As part of a project that could rethink wireless power and energy distribution, the Defense Advanced Research Projects Agency (DARPA) is plotting out the Persistent Optical Wireless Energy Relay (POWER) program – and working toward multipath, wireless energy networks.
If successfully demonstrated, the project could change the face of power distribution through airborne optical energy relays. These relays would allow ground-sourced lasers to be partnered with high-altitude long-range transmission and serve as the foundations of new wireless energy networks without attempting to remake the physics used successfully in existing wireless communications.
“This is the internet for energy – harnessing resilient, multipath networks to flow energy from abundant sources to energy-starved consumers,” Col. Paul Calhoun, POWER program manager in DARPA’s Tactical Technology Office, said. “The military faces particularly acute energy challenges, which are driving this innovation. We often must operate far from established energy infrastructure and rely on liquid fuels that require precarious supply lines.”

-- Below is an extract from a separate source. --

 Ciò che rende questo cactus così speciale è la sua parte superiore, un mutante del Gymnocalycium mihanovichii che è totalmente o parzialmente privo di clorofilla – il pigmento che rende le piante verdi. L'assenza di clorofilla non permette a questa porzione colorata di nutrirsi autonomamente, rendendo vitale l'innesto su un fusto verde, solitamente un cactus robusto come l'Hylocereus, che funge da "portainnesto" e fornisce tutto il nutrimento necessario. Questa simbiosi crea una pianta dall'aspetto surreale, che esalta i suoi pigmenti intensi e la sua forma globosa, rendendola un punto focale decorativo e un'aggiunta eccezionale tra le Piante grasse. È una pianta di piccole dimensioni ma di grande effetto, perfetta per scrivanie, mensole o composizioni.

In particular, the military’s issues stem from the fact that long-range, endurance, or significant weapons delivery capabilities also need to be physically large to carry necessary stored energy as a liquid fuel. By contrast, if the POWER project were successful, the wireless power transfer network platforms would act as conduits rather than containers of such energy, allowing them to be smaller and cheaper but with potentially unlimited range and endurance.
Generated power is converted into a wave, and that wave is sent through free space, which is then collected through an aperture, where it is converted into usable electricity. Conversion is the tricky part, though, as a multipath network like POWER proposes requires the ability to quickly convert from a propagating wave to electricity and back again at each node along the way – and with each conversion, losses build up.

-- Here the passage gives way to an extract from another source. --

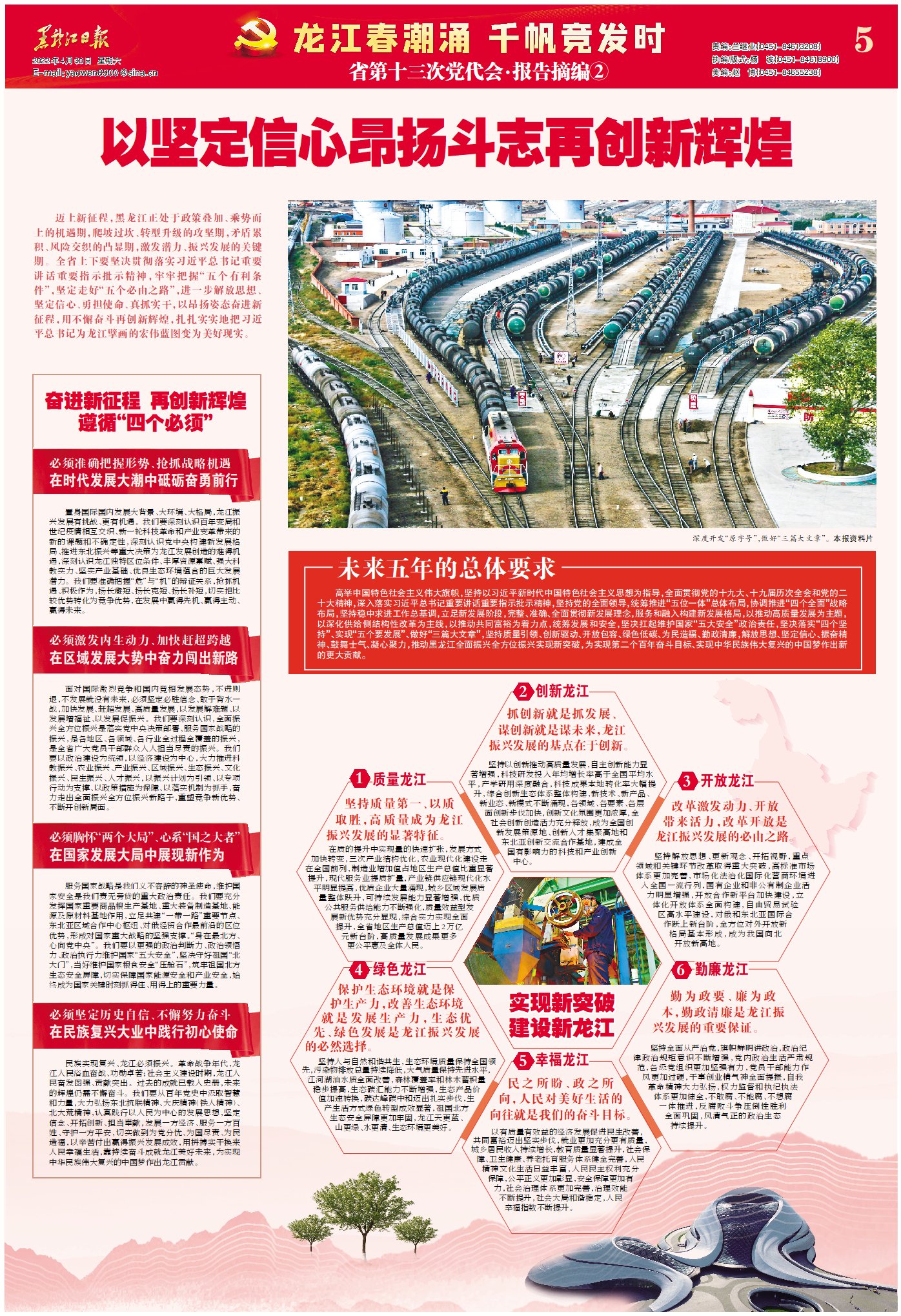 高舉中國特色社會主義偉大旗幟,堅持以習(xí)近平新時代中國特色社會主義思想為指導(dǎo),全面貫徹黨的十九大、十九屆歷次全會和黨的二十大精神,深入落實習(xí)近平總書記重要講話重要指示批示精神,堅持黨的全面領(lǐng)導(dǎo),統(tǒng)籌推進(jìn)“五位一體”總體布局,協(xié)調(diào)推進(jìn)“四個全面”戰(zhàn)略布局,堅持穩(wěn)中求進(jìn)工作總基調(diào),立足新發(fā)展階段,完整、準(zhǔn)確、全面貫徹新發(fā)展理念,服務(wù)和融入構(gòu)建新發(fā)展格局,以推動高質(zhì)量發(fā)展為主題,以深化供給側(cè)結(jié)構(gòu)性改革為主線,以推動共同富裕為著力點,統(tǒng)籌發(fā)展和安全,堅決扛起維護(hù)國家“五大安全”政治責(zé)任,堅決落實“四個堅持”、實現(xiàn)“五個要發(fā)展”、做好“三篇大文章”,堅持質(zhì)量引領(lǐng)、創(chuàng)新驅(qū)動、開放包容、綠色低碳、為民造福、勤政清廉,解放思想、堅定信心、振奮精神、鼓舞士氣、凝心聚力,推動黑龍江全面振興全方位振興實現(xiàn)新突破,為實現(xiàn)第二個百年奮斗目標(biāo)、實現(xiàn)中華民族偉大復(fù)興的中國夢作出新的更大貢獻(xiàn)。

Traditionally, this had made them impractical for pursuit.
However, POWER proposes to rethink the approach and find a workaround to ultimately greatly compress transport timelines without sacrificing the resiliency of distributed energy.
“The POWER program will develop efficient power beaming relays that redirect optical energy transmissions while maximizing beam quality at each point along the way, selectively harvesting energy as needed,” Calhoun said. “It is a three-phase development effort, culminating in a compelling energy relay flight demonstration.”